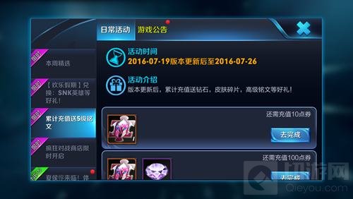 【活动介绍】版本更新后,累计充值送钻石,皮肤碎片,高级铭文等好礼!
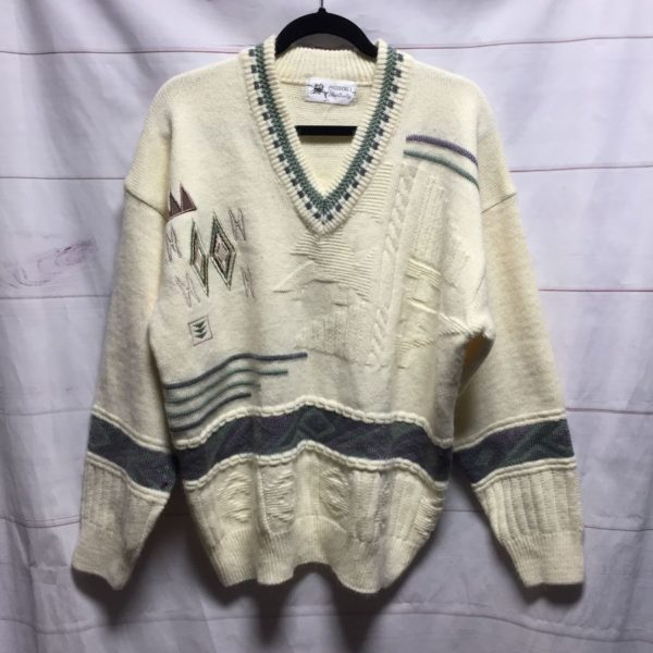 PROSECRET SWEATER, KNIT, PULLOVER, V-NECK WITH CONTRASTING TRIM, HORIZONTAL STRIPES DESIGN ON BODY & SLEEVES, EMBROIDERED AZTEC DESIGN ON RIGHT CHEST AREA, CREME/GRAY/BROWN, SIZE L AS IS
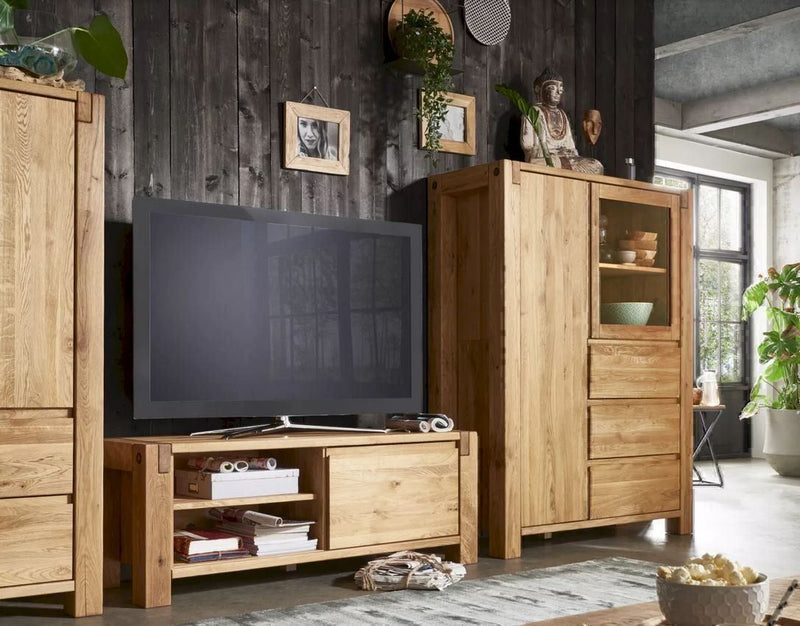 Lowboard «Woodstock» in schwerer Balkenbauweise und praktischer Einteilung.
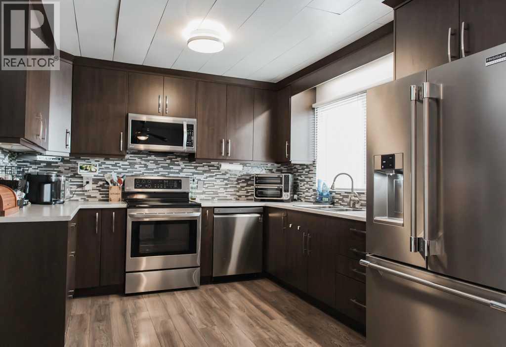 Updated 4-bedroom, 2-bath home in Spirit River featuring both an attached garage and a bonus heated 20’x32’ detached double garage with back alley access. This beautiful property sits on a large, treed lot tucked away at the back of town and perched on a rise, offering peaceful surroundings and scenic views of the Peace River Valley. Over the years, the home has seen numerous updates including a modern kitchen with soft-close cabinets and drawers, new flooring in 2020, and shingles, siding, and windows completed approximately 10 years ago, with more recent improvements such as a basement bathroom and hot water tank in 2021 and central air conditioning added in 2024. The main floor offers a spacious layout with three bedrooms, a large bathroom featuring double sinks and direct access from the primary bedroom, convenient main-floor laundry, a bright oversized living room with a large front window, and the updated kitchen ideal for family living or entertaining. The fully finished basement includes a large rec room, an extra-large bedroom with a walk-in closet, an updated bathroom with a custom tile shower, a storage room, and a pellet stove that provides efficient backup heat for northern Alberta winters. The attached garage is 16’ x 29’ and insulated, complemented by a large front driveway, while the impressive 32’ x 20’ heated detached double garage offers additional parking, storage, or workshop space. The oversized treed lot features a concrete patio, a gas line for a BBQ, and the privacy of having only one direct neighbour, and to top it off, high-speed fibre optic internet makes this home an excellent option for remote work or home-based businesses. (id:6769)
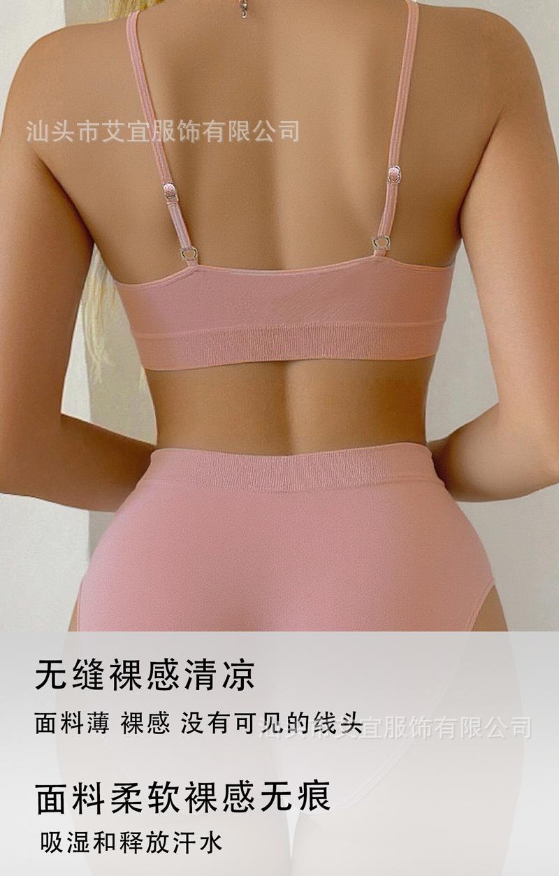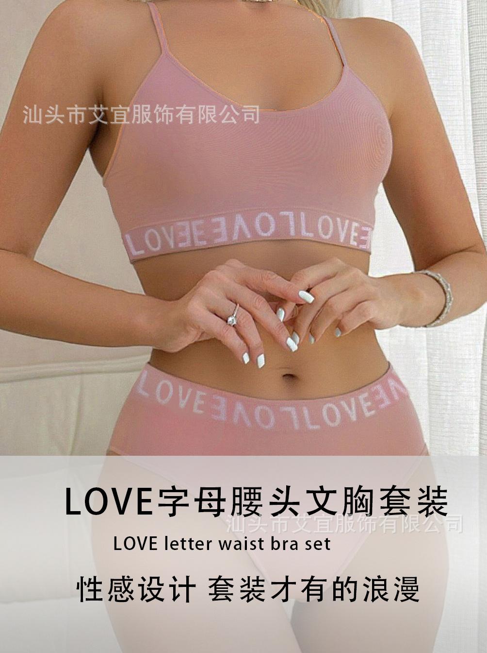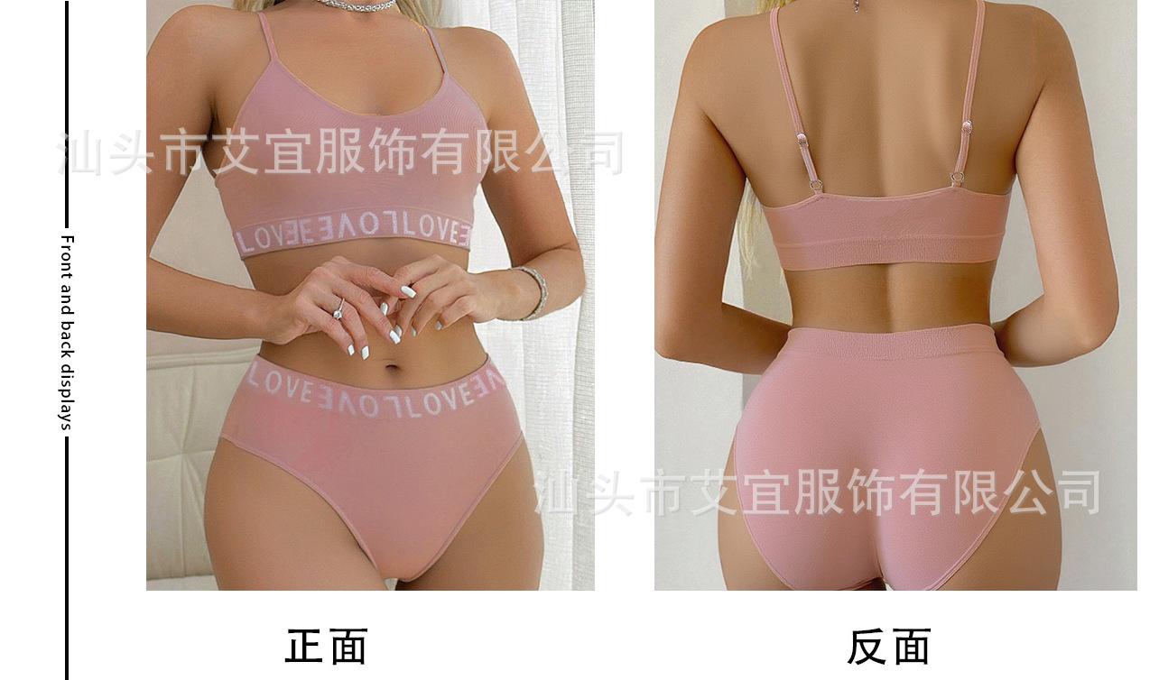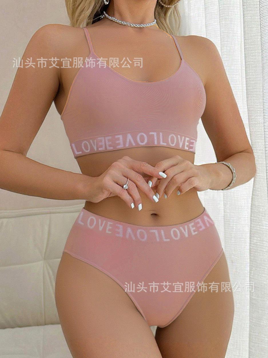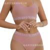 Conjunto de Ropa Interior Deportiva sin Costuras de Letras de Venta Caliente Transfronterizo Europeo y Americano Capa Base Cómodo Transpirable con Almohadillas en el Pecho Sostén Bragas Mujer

* [Work request]
Repeat exactly and only the lines from the start of the data above through the line that holds "und praktischer Einteilung.", inclusive. Pictures do not belong in the copy.

* [Reply to the exercise]
 【活动介绍】版本更新后,累计充值送钻石,皮肤碎片,高级铭文等好礼!
 PROSECRET SWEATER, KNIT, PULLOVER, V-NECK WITH CONTRASTING TRIM, HORIZONTAL STRIPES DESIGN ON BODY & SLEEVES, EMBROIDERED AZTEC DESIGN ON RIGHT CHEST AREA, CREME/GRAY/BROWN, SIZE L AS IS
 Lowboard «Woodstock» in schwerer Balkenbauweise und praktischer Einteilung.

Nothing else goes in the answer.